Here are two examples of using an older version of this applet. It looks slightly different but the same settings and options are available in the version above.

In both cases we will consider IQ scores.

Our null hypothesis is that the true mean is 100. Assume the standard deviation is 16 and we will specify a significance level of 5%.

In this example we will specify that the true mean is indeed 100 so that the null hypothesis is true. Most of the time (95%), when we generate a sample, we should fail to reject the null hypothesis since the null hypothesis is indeed true.

Here is one sample that results in a correct decision:

In the sample above, we obtain an x-bar of 105, which is drawn on the distribution which assumes μ (mu) = 100 (the null hypothesis is true). Notice the sample is shown as blue dots along the x-axis and the shaded region shows for which values of x-bar we would reject the null hypothesis. In other words, we would reject Ho whenever the x-bar falls in the shaded region.

Enter the same values and generate samples until you obtain a Type I error (you falsely reject the null hypothesis). You should see something like this:

If you were to generate 100 samples, you should have around 5% where you rejected Ho. These would be samples which would result in a Type I error.

The previous example illustrates a correct decision and a Type I error when the null hypothesis is true. The next example illustrates a correct decision and Type II error when the null hypothesis is false. In this case, we must specify the true population mean.

Let’s suppose we are sampling from an honors program and that the true mean IQ for this population is 110. We do not know the probability of a Type II error without more detailed calculations.

Let’s start with a sample which results in a correct decision.

In the sample above, we obtain an x-bar of 111, which is drawn on the distribution which assumes μ (mu) = 100 (the null hypothesis is true).

Enter the same values and generate samples until you obtain a Type II error (you fail to reject the null hypothesis). You should see something like this:

You should notice that in this case (when Ho is false), it is easier to obtain an incorrect decision (a Type II error) than it was in the case where Ho is true. If you generate 100 samples, you can approximate the probability of a Type II error.

We can find the probability of a Type II error by visualizing both the assumed distribution and the true distribution together. The image below is adapted from an applet we will use when we discuss the power of a statistical test.

There is a 37.4% chance that, in the long run, we will make a Type II error and fail to reject the null hypothesis when in fact the true mean IQ is 110 in the population from which we sample our 10 individuals.
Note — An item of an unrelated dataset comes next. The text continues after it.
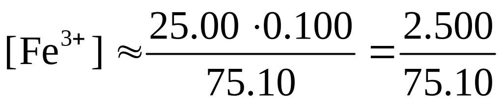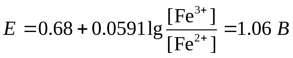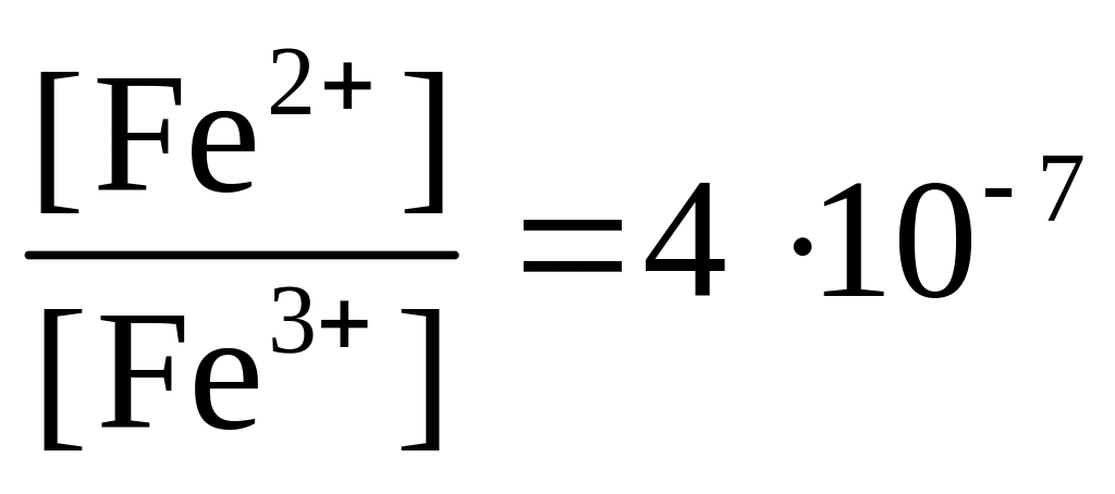 Второе уравнение в данном случае более удобно, поскольку входящие в него концентрации с приемлемым приближением известны. Подставляя в это уравнение равновесные концентрации железа (II) и железа(III), получаем

Can you visualize what will happen if the true population mean is really 115 or 108? When will the Type II error increase? When will it decrease? We will look at this idea again when we discuss the concept of power in hypothesis tests.

**Comments:**

- It is important to note that there is a trade-off between the probability of a Type I and a Type II error. If we decrease the probability of one of these errors, the probability of the other will increase! The practical result of this is that if we require stronger evidence to reject the null hypothesis (smaller significance level = probability of a Type I error), we will increase the chance that we will be unable to reject the null hypothesis when in fact Ho is false (increases the probability of a Type II error).

- When α (alpha) = 0.05 we obtained a Type II error probability of 0.374 = β = beta

- When α (alpha) = 0.01 (smaller than before) we obtain a Type II error probability of 0.644 = β = beta (larger than before)

- As the blue line in the picture moves farther right, the significance level (α, alpha) is decreasing and the Type II error probability is increasing.

- As the blue line in the picture moves farther left, the significance level (α, alpha) is increasing and the Type II error probability is decreasing

Let’s return to our very first example and define these two errors in context.

A case of suspected cheating on an exam is brought in front of the disciplinary committee at a certain university.

There are **two** opposing **claims** in this case:

- Ho = The
**student’s claim:**I did not cheat on the exam.

- Ha = The
**instructor’s claim:**The student did cheat on the exam.

Adhering to the principle **“innocent until proven guilty,”** the committee asks the instructor for **evidence** to support his claim.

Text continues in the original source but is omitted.